Your goal. Exclude the pictures and reproduce exactly the lines that run from the one holding "Ethereal Jellyfish Gliding" to the end of the entries below.
* * * *
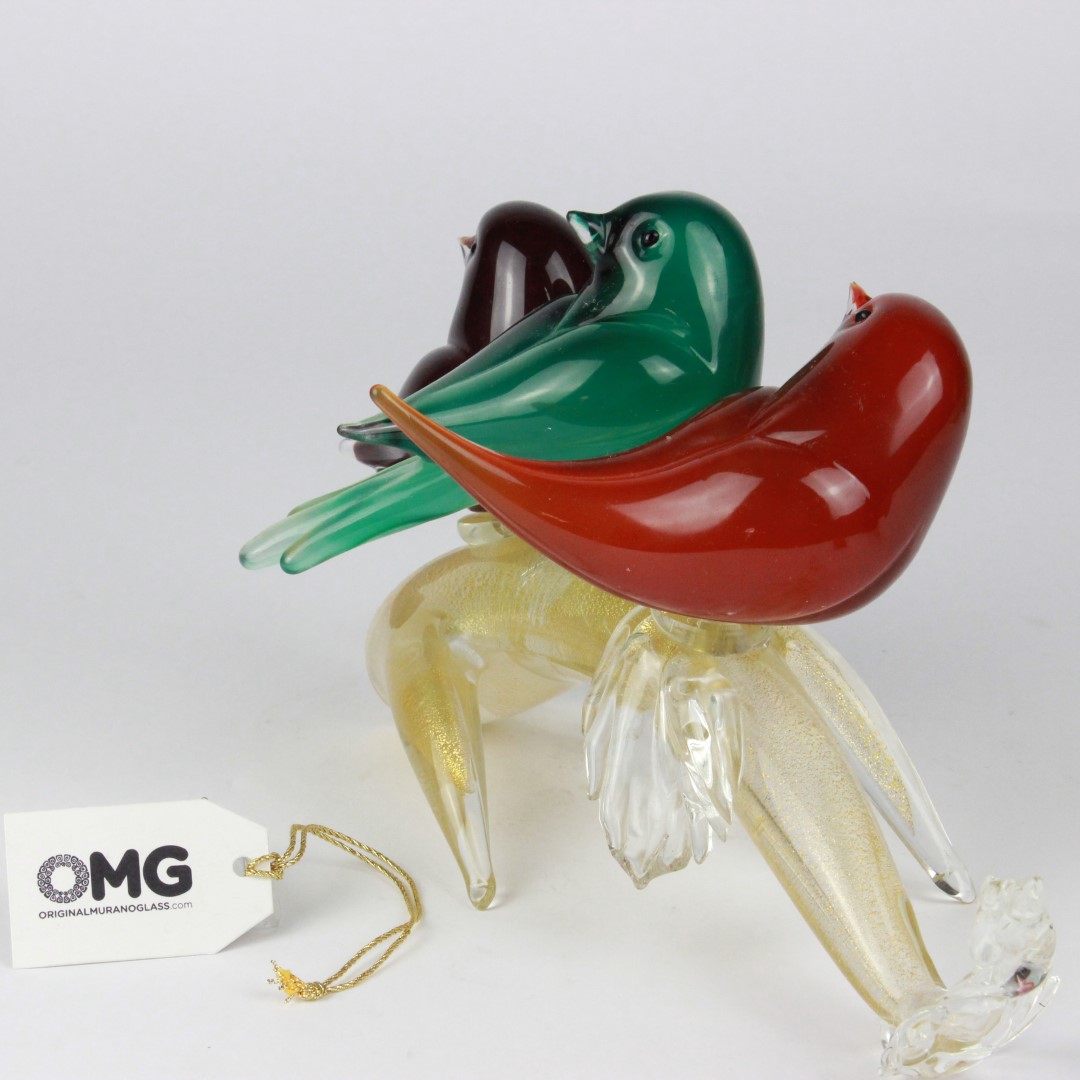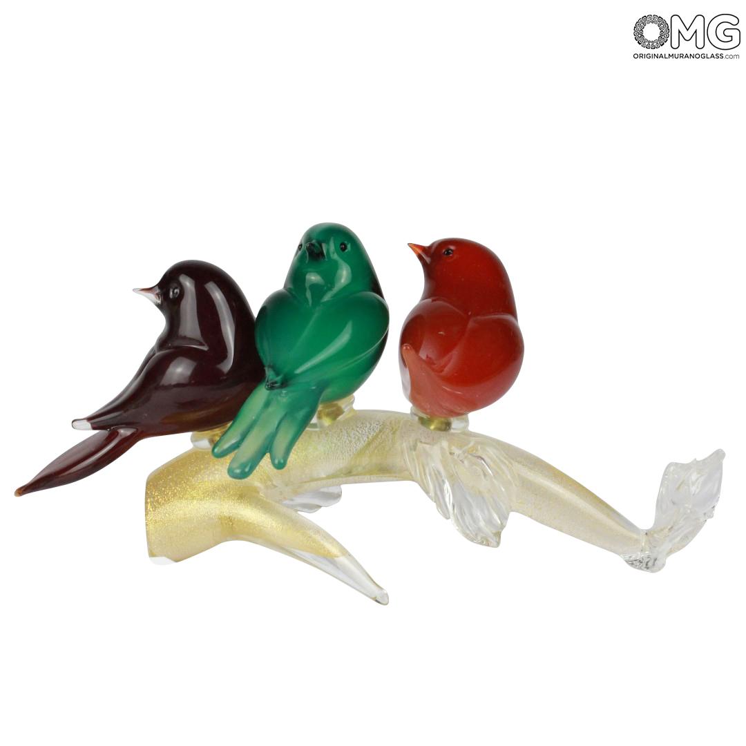 3 uccelli su ramo Oro - decoro in foglia oro - Vetro di Murano Originale OMG
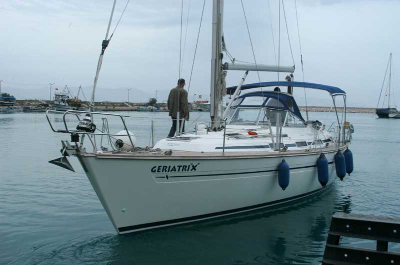 Ringsum wird an den Schiffen gewerkelt. Sogar Farbe wird zwischen den anderen Schiffen aufgespritzt! Auch wir gehen ans Reinigen und Polieren, das Antifouling hat Rainer ja schon bei seinem Kurzbesuch im Januar aufgetragen. Da geplanter Krantermin erst in über einer Woche ist, müssen wir uns die Arbeit einteilen und die Arbeitswut hält sich in Grenzen. Rumpfpolieren ist schon ein Scheissjob! Das Schiffchen sieht wieder schön aus. Leider nur für zwei Tage, dann kommt der Wind aus Süden und damit der Saharasand. Dazu der Blütenstaub und alles ist wieder dreckig. Als es dann auf noch drauf regnet, ist es mit der Sauberkeit wieder vorbei. |
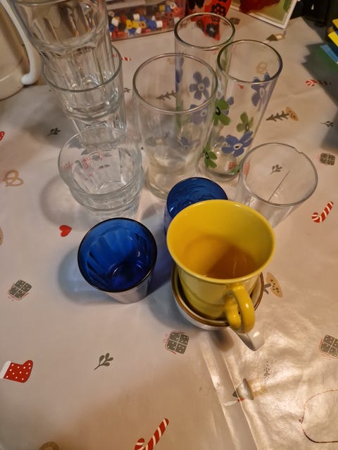 9x glass & 2xkopp gis bort
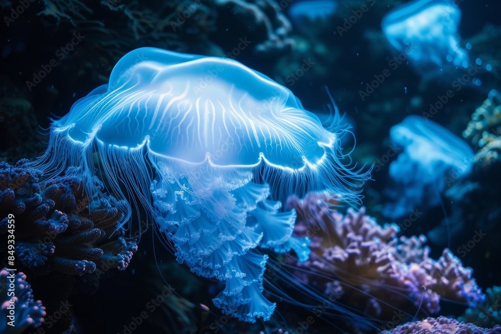 Ethereal Jellyfish Gliding Through a Vibrant Coral Reef
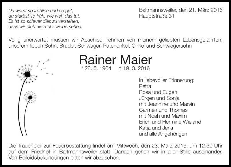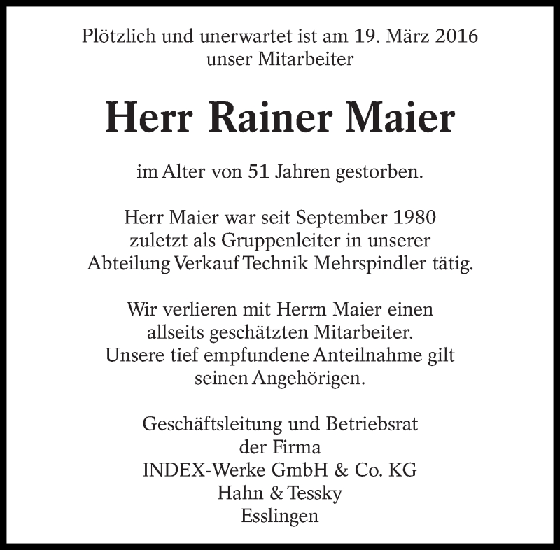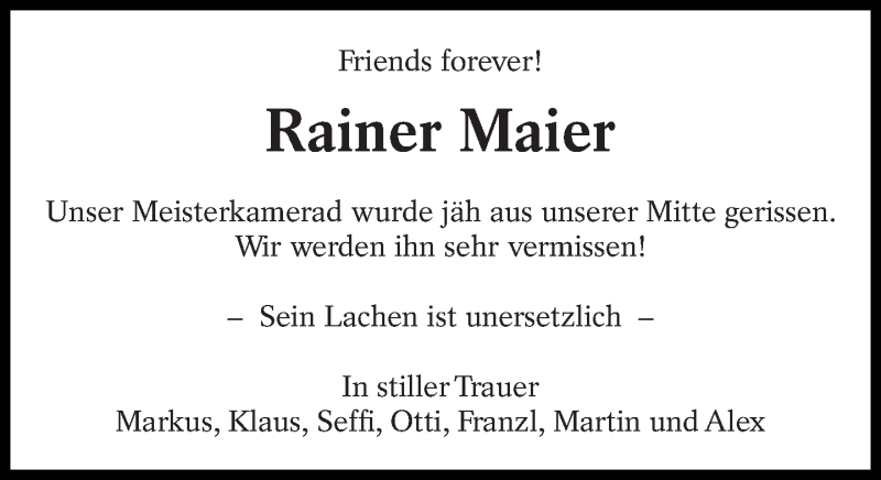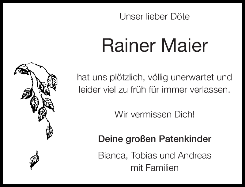 Hier finden Sie alle Traueranzeigen aus der Zeitung, die bisher für Rainer Maier erschienen sind. Weitere Traueranzeigen, die in der Zeitung erscheinen, werden hier ebenfalls aufgelistet
* * * *
Response.
 Ethereal Jellyfish Gliding Through a Vibrant Coral Reef
 Hier finden Sie alle Traueranzeigen aus der Zeitung, die bisher für Rainer Maier erschienen sind. Weitere Traueranzeigen, die in der Zeitung erscheinen, werden hier ebenfalls aufgelistet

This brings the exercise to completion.